Working data Block Start
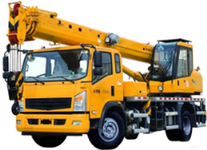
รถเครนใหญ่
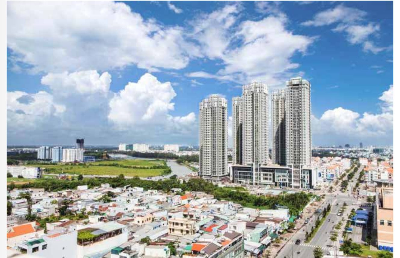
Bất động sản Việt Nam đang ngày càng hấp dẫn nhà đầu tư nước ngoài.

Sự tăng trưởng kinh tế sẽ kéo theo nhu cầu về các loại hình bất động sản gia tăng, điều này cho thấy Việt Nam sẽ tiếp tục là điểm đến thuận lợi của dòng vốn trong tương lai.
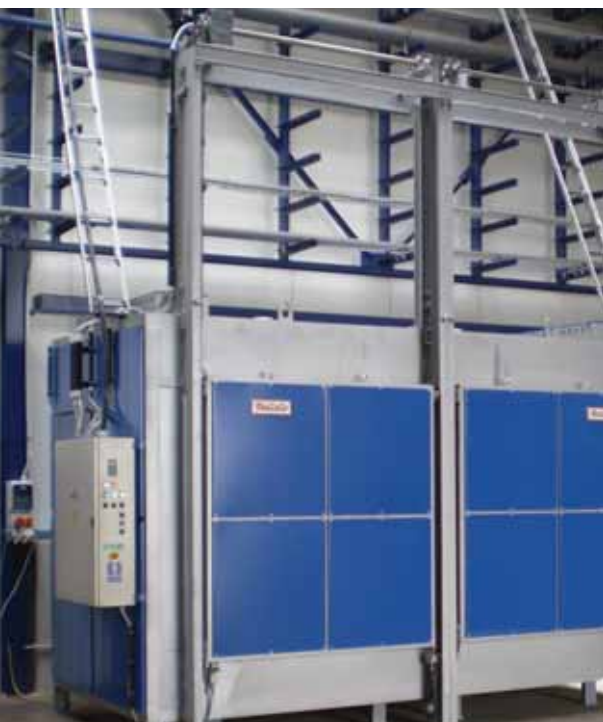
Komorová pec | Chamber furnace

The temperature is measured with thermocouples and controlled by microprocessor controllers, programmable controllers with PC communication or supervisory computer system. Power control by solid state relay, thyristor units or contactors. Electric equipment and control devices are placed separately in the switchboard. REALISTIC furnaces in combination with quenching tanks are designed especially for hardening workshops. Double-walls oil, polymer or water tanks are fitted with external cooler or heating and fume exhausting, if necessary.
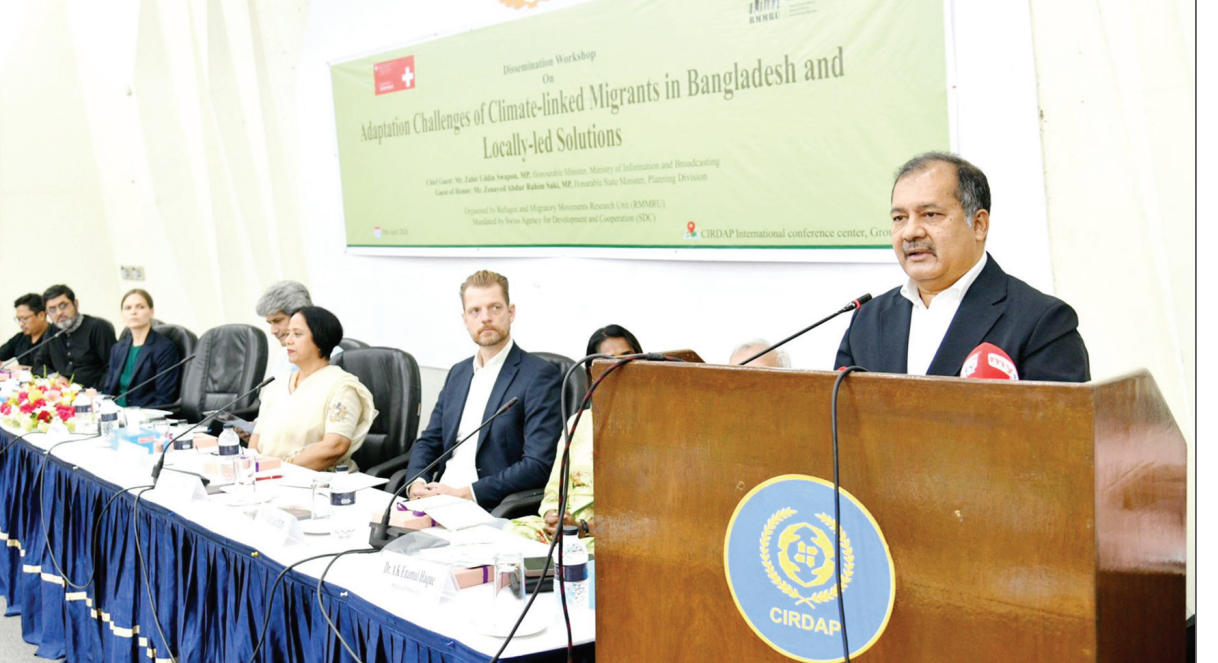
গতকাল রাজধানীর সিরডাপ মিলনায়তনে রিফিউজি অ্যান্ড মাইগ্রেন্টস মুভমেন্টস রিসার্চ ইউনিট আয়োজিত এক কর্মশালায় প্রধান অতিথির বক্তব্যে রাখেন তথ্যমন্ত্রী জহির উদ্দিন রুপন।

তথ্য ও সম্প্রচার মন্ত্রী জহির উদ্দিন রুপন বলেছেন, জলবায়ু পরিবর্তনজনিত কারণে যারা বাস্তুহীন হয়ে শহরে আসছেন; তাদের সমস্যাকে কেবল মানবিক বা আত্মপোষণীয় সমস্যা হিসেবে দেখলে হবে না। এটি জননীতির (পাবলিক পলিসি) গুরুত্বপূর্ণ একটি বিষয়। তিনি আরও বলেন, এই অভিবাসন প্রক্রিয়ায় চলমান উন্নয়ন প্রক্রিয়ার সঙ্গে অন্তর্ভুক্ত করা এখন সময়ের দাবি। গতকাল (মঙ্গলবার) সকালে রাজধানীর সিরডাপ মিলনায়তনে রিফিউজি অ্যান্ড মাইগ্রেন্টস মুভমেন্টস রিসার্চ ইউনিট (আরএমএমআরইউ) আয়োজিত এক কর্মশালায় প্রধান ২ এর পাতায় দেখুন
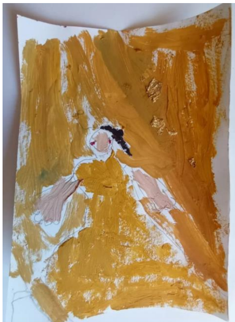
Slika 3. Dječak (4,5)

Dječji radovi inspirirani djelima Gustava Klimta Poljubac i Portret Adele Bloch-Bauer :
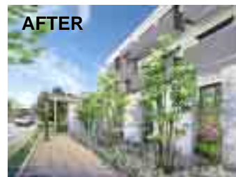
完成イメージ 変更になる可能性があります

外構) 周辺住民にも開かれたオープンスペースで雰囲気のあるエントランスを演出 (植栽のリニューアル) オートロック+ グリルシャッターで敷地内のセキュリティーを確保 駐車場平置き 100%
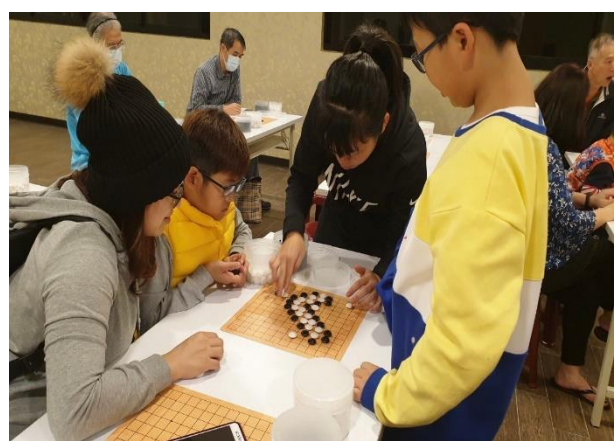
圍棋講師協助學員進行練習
Working data Block End
Working data Block Start
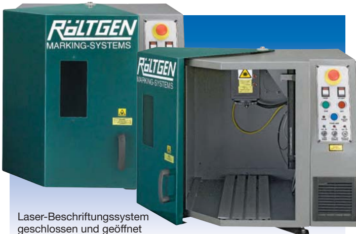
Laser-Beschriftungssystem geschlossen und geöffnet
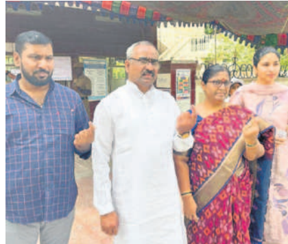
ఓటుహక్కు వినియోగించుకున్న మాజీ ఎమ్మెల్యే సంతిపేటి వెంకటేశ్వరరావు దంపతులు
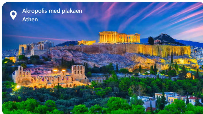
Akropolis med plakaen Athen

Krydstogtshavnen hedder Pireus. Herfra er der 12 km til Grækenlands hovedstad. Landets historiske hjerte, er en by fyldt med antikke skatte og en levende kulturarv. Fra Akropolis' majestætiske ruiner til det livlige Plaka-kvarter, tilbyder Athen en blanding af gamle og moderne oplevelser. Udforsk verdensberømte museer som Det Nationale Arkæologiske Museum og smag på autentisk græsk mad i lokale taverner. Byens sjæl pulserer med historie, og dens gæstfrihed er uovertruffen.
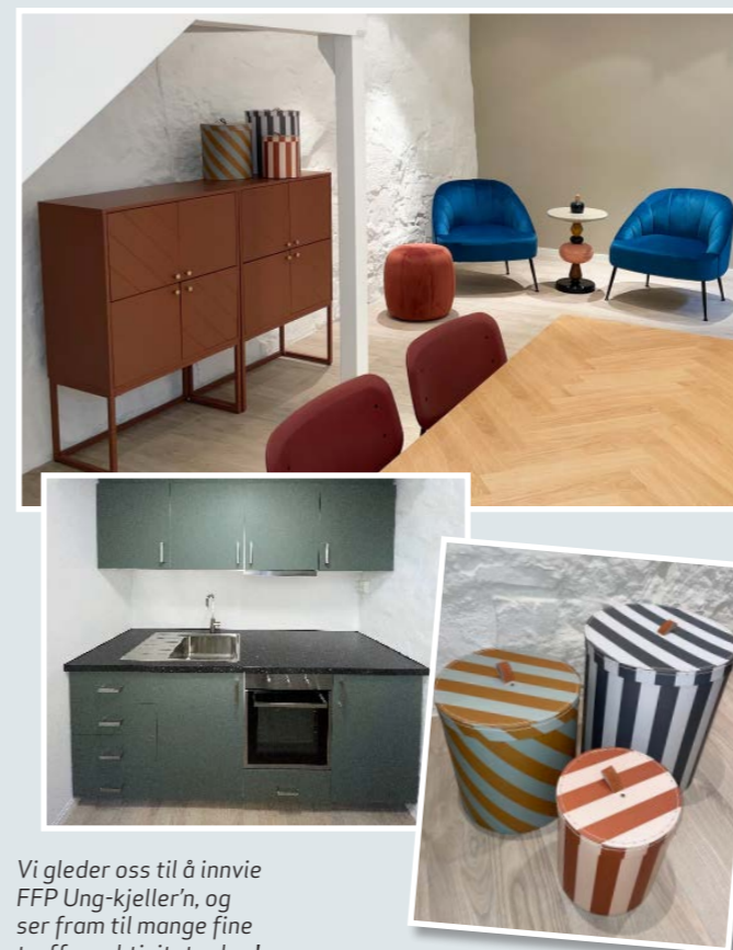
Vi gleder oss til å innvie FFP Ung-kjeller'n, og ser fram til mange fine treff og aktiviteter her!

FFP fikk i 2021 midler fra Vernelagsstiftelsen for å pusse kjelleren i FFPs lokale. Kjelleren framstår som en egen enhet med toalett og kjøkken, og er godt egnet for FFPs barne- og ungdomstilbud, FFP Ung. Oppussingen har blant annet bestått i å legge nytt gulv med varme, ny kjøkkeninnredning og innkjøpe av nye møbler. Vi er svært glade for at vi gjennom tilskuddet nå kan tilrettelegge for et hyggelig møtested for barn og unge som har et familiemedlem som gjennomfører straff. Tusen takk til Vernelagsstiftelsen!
Working data Block End
Exercise requirements
Each line that contains "Athen" is to be copied from the listing above.

Your solution
Akropolis med plakaen Athen
Krydstogtshavnen hedder Pireus. Herfra er der 12 km til Grækenlands hovedstad. Landets historiske hjerte, er en by fyldt med antikke skatte og en levende kulturarv. Fra Akropolis' majestætiske ruiner til det livlige Plaka-kvarter, tilbyder Athen en blanding af gamle og moderne oplevelser. Udforsk verdensberømte museer som Det Nationale Arkæologiske Museum og smag på autentisk græsk mad i lokale taverner. Byens sjæl pulserer med historie, og dens gæstfrihed er uovertruffen.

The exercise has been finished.